Sirius caminaba por las oscuras calles de Londres con la varita bajo la manga. No había nadie a la vista, pero en esos tiempos no te podías fiar. El mundo mágico estaba en guerra y hasta los muggles notaban que sucedía algo. Eran las nueve de la noche y no había un alma por la calle, la mayoría de farolas de aquel barrio de las afueras estaban fundidas y en las casas no se veía ninguna luz. Se arrebujó en su abrigo con una punzante sensación de desasosiego. A pesar de ser abril, hacía un frío propio de los meses invernales y el cielo amenazaba tormenta.

Ya hacía casi tres años que había terminado el colegio, pero jamás pensó que su juventud transcurriría así: uniéndose a la Orden del Fénix de Dumbledore para intentar hacer frente al mago tenebroso más temido de los últimos tiempos. Los seguidores de Voldemort se multiplicaban y los asesinatos, secuestros y torturas estaban a la orden del día. Sirius intentaba ayudar en todo lo posible: convenciendo a gente de unirse para luchar, ayudando a víctimas o enfrentándose a los partidarios del Señor Oscuro. Pero resultaba muy duro y en muchas ocasiones sentía que todo era en vano.

—Si al menos pudiera ver a James...

Los Potter habían tenido que ocultar su hogar con el encantamiento fidelio por orden del propio Dumbledore.
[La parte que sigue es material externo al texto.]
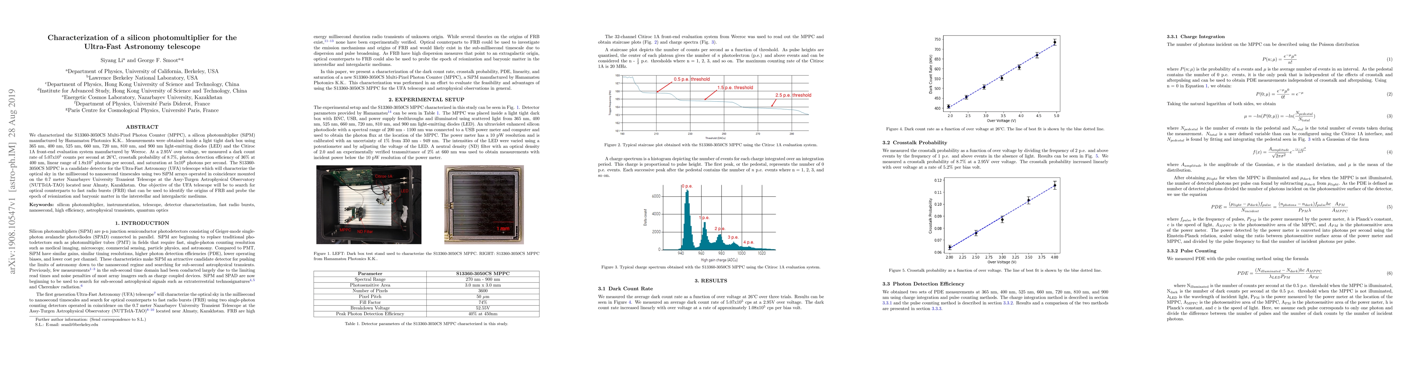 We characterized the S13360-3050CS Multi-Pixel Photon Counter (MPPC), a silicon photomultiplier (SiPM) manufactured by Hamamatsu Photonics K.K.. Measurements were obtained inside a light tight dark box using 365 nm, 400 nm, 525 nm, 660 nm, 720 nm, 810 nm, and 900 nm light-emitting diodes (LED) and the Citiroc 1A front-end evaluation system manufactured by Weeroc. At a 2.95V over voltage, we measured a dark count rate of 5.07x$10^{5}$ counts per second at 26$^{\circ}$C, crosstalk probability of 8.7$\%$, photon detection efficiency of 36$\%$ at 400 nm, linear range of 1.8x$10^{7}$ photons per second, and saturation at 5x$10^8$ photons per second. The S13360-3050CS MPPC is a candidate detector for the Ultra-Fast Astronomy (UFA) telescope which will characterize the optical sky in the millisecond to nanosecond timescales using two SiPM arrays operated in coincidence mounted on the 0.7 meter Nazarbayev University Transient Telescope at the Assy-Turgen Astrophysical Observatory (NUTTelA-TAO) located near Almaty, Kazakhstan. One objective of the UFA telescope will be to search for optical counterparts to fast radio bursts (FRB) that can be used to identify the origins of FRB and probe the epoch of reionization and baryonic matter in the interstellar and intergalactic mediums.

Al parecer, Voldemort iba tras su hijo. A Sirius le animaba saber que así estaban a salvo, pero le resultaba exasperante no poder visitarlos. Estaba pensando en sus amigos cuando su oído casi canino escuchó ecos de una conversación lejana.

—Sí, sí... Vivían por aquí, pero han debido esconderse —mascullaba una voz áspera.

Sin pensarlo, Sirius se transformó en perro, así podía camuflarse mejor en la oscuridad. Se ocultó tras los cubos de basura de una de las casas e intentó vislumbrar la escena. Era una pareja de mortífagos, altos y fornidos, bastante mayores que él.

—Tarde o temprano los encontrará —le contestó su compañero seguido de una carcajada cruel.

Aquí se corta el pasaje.